Last September the IRSP laid out its position on the issue of such a referendum via its ‘Britain out of Ireland, Ireland out of the EU’ document in which it stated clearly that the party would actively support and work towards a border poll or unity referendum regardless of what mechanism it occurred under.
Encouraged directly by lessons learned from recent delegation trips to Catalunya, the party decided to utilise the national day celebrations here to push for a unity referendum.

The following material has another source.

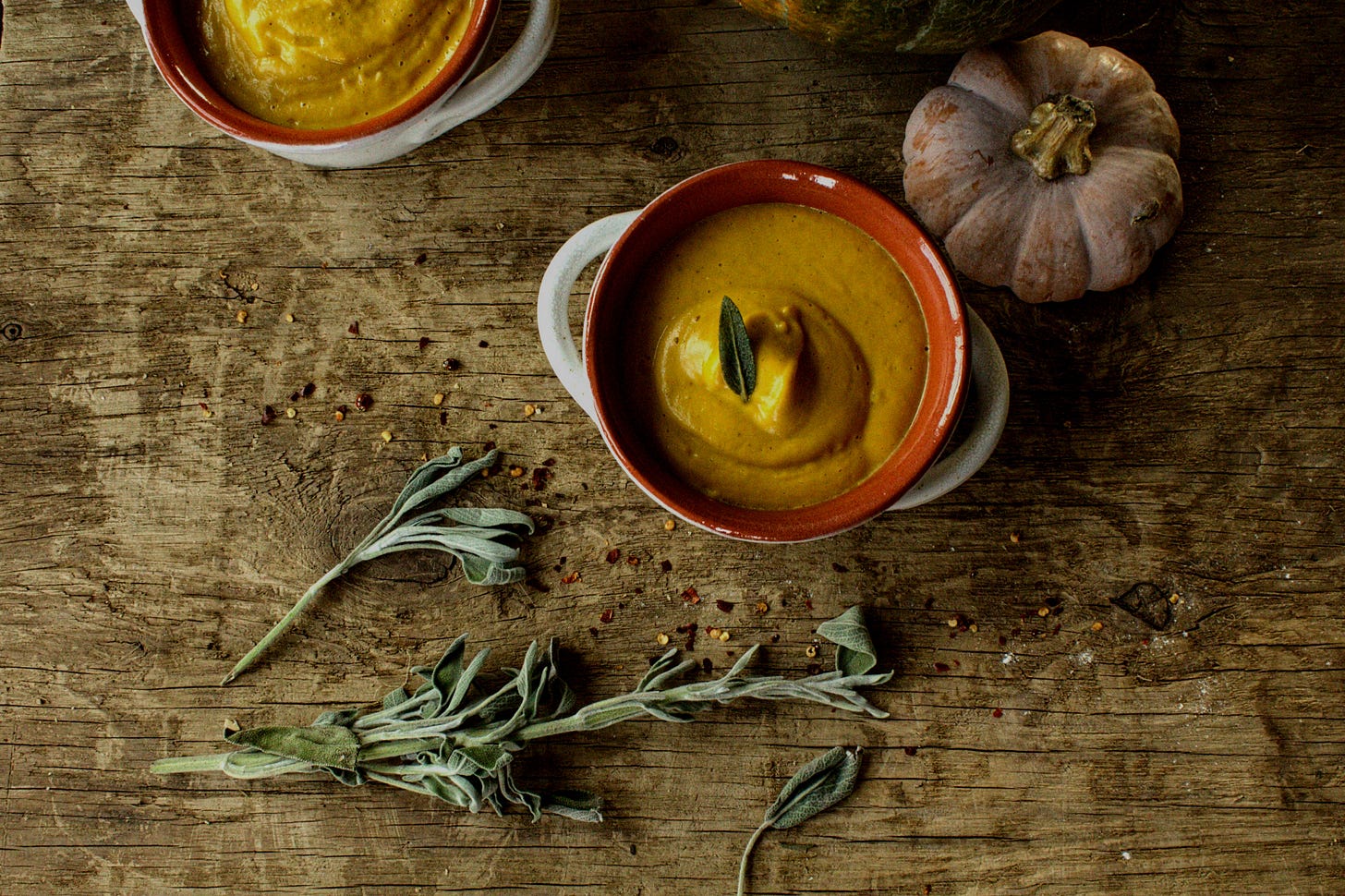 Directions: Over medium heat, add butter and oil to a Dutch oven. When hot, but not smoking, add sage and rosemary. Fry until crispy. Careful not to burn. If burned, start over. Set sage and rosemary aside to cool. Add onion. Cook 5-7 minutes until softened. Add garlic cloves, salt, and red pepper red chili flakes. Cook until fragrant. Crunch the fried sage and rosemary. Discard stems. Add to pot. Add squash puree, oregano, thyme, broth and cream. Bring to a simmer. Simmer for around 15-20 minutes, stirring once in a while. If splattering is a problem, cover with a lid but set to lowest temperature. Blend. Use a blender for an ultra-smooth texture. (I wait for the soup to cool before blending, but you may have a better blender than me). Return to pot to simmer for 15-20 minutes.

In Belfast around twenty party activists gathered from early on in the Castle Street area where a large board demanding a unity referendum was mounted on a van. Several thousand leaflets explaining the party’s demands for a border poll were handed out to the large crowds who flocked into the city centre for the annual St Patrick’s day march.
Several former Republican prisoners agreed to speak on camera and explain the IRSP position in relation to the initiative.

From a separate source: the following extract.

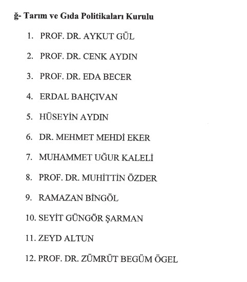 Prof. Dr. Aykut Gül, Prof. Dr. Cenk Aydın, Prof. Dr. Eda Becer, Erdal Bahçıvan, Hüseyin Aydın, Dr. Mehmet Mehdi Eker, Muhammet Uğur Kaleli, Prof. Dr. Muhittin Özder, Ramazan Bingöl, Seyit Güngör Şarman, Zeyd Altun, Prof. Dr. Zümrüt Begüm Ögel.

Gerry Foster (Belfast) emphasised the encouragement that the movement had taken from comrades in Catalunya in recent times, stressing the importance of utilising national celebrations here to launch the next political push for Irish national independence.
https://www.facebook.com/IRSPBelfast1/videos/2094612567466595/
Ciarán Cunningham (Newry/Armagh) stressed how the demographic shifts which now see thousands of young people confidently express progressive Irish nationalism on a street level must also be channelled at a political level, with that confidence expressed in the form of campaigning openly for a border poll and a successful outcome.
https://www.facebook.com/IRSPBelfast1/videos/2094579370803248/
Tarlach McConnell (Fermanagh) gave a very emotional analysis of how he felt as he witnessed “the peoples journey into Belfast City Centre”, he said “the architects of partition a hundred years ago didn’t provide for this, the demographic shift of the people”, “Just as we see the people begin their journey today into the city to express their Irish national identity, so to do we begin our journey, launching our national campaign for our ultimate goal of a united Irish Socialist Republic”.
https://www.facebook.com/IRSPBelfast1/videos/2094589054135613/
In Strabane, IRSP activists established a symbolic ‘referendum polling booth’ in the town centre, with mock ballot papers being handed out to passers by that asked the simple question ‘Do you want to see the unification of the nation and its people?’.
Encouragingly, one of the first to step forward and vote was the Sinn Féin chair of Derry & Strabane district council Maolíosa McHugh, needless to say the eventual result of the mock referendum was an overwhelming ‘yes’ (out of 306 votes polled only two ‘No’s were returned. Strabane IRSP spokesman Michael McLaughlin concluded by saying ‘the national day needs to be politicised, not de-politicised. We aim to see our national day utilised to push for the ultimate goal of a referendum for Irish unity’.
In Derry, IRSP members began their St Patrick’s day activism by erecting a large hoarding in the Shantalow area demanding ‘Unity Referendum Now’ while later in the day several thousand leaflets demanding the same were handed out by activists interspersed throughout the march.
Derry spokesperson Danny Morrison concluded the day by speaking what is now on many peoples minds stating, ‘the campaign for radical constitutional change is now well underway, and Republican Socialism will be very much in the vanguard of that change’.